The Internet of Things (IoT) in agriculture sphere solves several main tasks, among which are:
reduction of operating expenses
identification of land plots problem areas
There is a number of proper ways to solve all these problems such as the Internet of Things (IoT), satellite technologies, self-directed special equipment and various telematics services.
Analysts identify 4 four main reasons that facilitate the movement of enterprises to the Internet of Things (IoT).
Operating expenses optimization
The Internet of Things (IoT) allows anyone to manage an accurate farming.
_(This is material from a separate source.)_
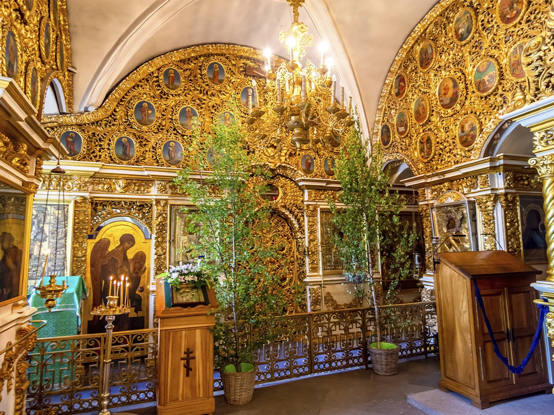 Внутри можно увидеть чудотворный образ Божьей Матери «Умиление» XVI столетия. Считается, что именно эта икона помогла защитить псковские земли от вражеских войск Стефана Батория. А ещё здесь хранится шкатулка с десницей мученицы Татианы — почитаемая святыня Псково‑Печерского монастыря.

Precision farming technologies consist in revealing single land plot heterogeneities. The various geodatabases are being used for these purposes, helps to analyze the fields with not enough certain mineral substances, pests’ existence and location, etc. The farmer, using this knowledge, contributes a certain amount of chemical protection for plants and mineral fertilizers. During the land monitoring process supporting by geodatabases, there is a possible to predict the time of ripening and the volumes of the harvest.
Modern systems use sensors that detect the amount of pests in a specific area of the field and are capable of automatically spraying chemical plant protection agents only where necessary. Recently, there have also killer drones appeared, which are able to hunt pests even at night.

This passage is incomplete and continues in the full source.